Tuesday, 7 April 2009

Rules and regulations

Regulation has been in the spotlight for many months. Has there been too little or too much? Has it been misdirected? Has it just failed to be properly followed and enforced?

On the right of the political spectrum we tend to believe market forces are sufficient to regulate bad practice. But in the recent banking fiasco trust in self-correcting markets failed because the toxic elements seemed on the surface to be invisible.

On Saturday evening I began to suffer from a bout of food poisoning. Perhaps I'm particularly prone, but I seem to succumb to these painfully toxic events two or three times every year.

The first target on which I pinned the blame was a mini pork pie bought at M&S Brent Cross that afternoon, which settled in my stomach like a lead balloon.

However, health regulators say they rarely accept consumers' own attribution of the cause of their pain.

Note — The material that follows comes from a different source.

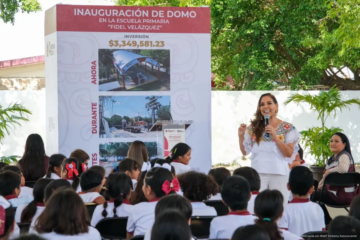 Chetumal, 11 de marzo de 2026.– “Cada obra que se realiza en una escuela es una apuesta por el futuro, por los sueños de quienes llenan las aulas de ilusión y de quienes creen firmemente en el poder transformador de la educación”, expresó la gobernadora Mara Lezama Espinosa al inaugurar el domo ligero de la Escuela Primaria “Fidel Velázquez”, en esta capital.
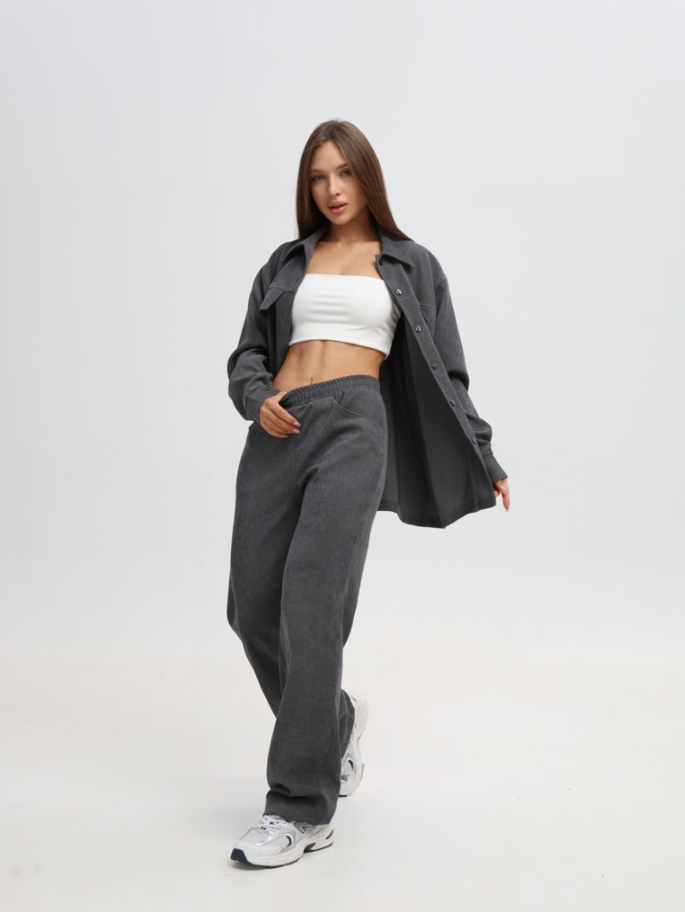 Спортивный женский костюм выполнен из мягкого вельветового материала, который придает ему модный и элегантный вид. Костюм для женщин состоит из рубашки оверсайз и брюк прямого кроя, создающих гармоничный и современный образ. Однотонный оттенок делает его универсальным для разных случаев от повседневных прогулок до офисного или делового стиля. Рубашка свободного фасона с длинными рукавами украшена классическим воротником и застегивается на пуговицы. Вельвет обладает приятной текстурой, которая сохраняет комфорт даже при длительном ношении. Брюки имеют удобные карманы, прямой силуэт, что делает их подходящими для девушек и женщин разных возрастов. Эластичный пояс обеспечивает удобную посадку, а продуманная длина визуально вытягивает силуэт. Удобная и трендовая одежда в современном стиле, которая дополнит базовые и спортивные образы или молодежный лук в стиле casual (кэжуал). Нарядный костюм отлично подойдет как для осенних прохладных дней, так и для создания стильных летних образов. Женский костюм-двойка отличается универсальностью благодаря сочетанию комфорта и модного дизайна. Он может использоваться как спортивный наряд для активного отдыха или домашний вариант для уюта в холодное время года. Актуальный oversize крой подчеркивает современные тенденции в мире моды.

The most common food bacteria take 8 to 72 hours to multiply in the gut before they start producing their unpleasant symptoms.

This would mean that the most likely cause of my toxic gut was the flame-grilled chicken burger served on a heavy wooden board that I enjoyed in the sunshine outside a small north London bistro on Friday afternoon.

Marketeers say that the larger the retailer the more we can trust the quality of its products. Bad publicity can do far more damage to a business with many outlets than to a small individual retailer catering to passing trade.

The toxic element in the trades widely engaged in by the banking industry originated with nameless hedge fund operatives inventing faulty risk algorithms that were then endorsed by supplicant credit rating agencies. Thus the health properties of the derivative products that then flooded financial markets were never questioned. And regulators fell into line with the apparent market wisdom that all would be fine.

The lesson seems to be that the precautionary principle is a good one. But we need regular reminders that the best precautions involve considering and applying fundamentally basic rules, even when we don't expect market failures.

If the staff at the bistro I attended had followed the basic hygiene regulations they had surely been taught, I wouldn't now be suffering the toxic consequences of their omissions.

Market forces will produce a correction in the end. But to avoid the interim outbreaks of unforeseen pain, people simply need to stick to obvious, sensible rules.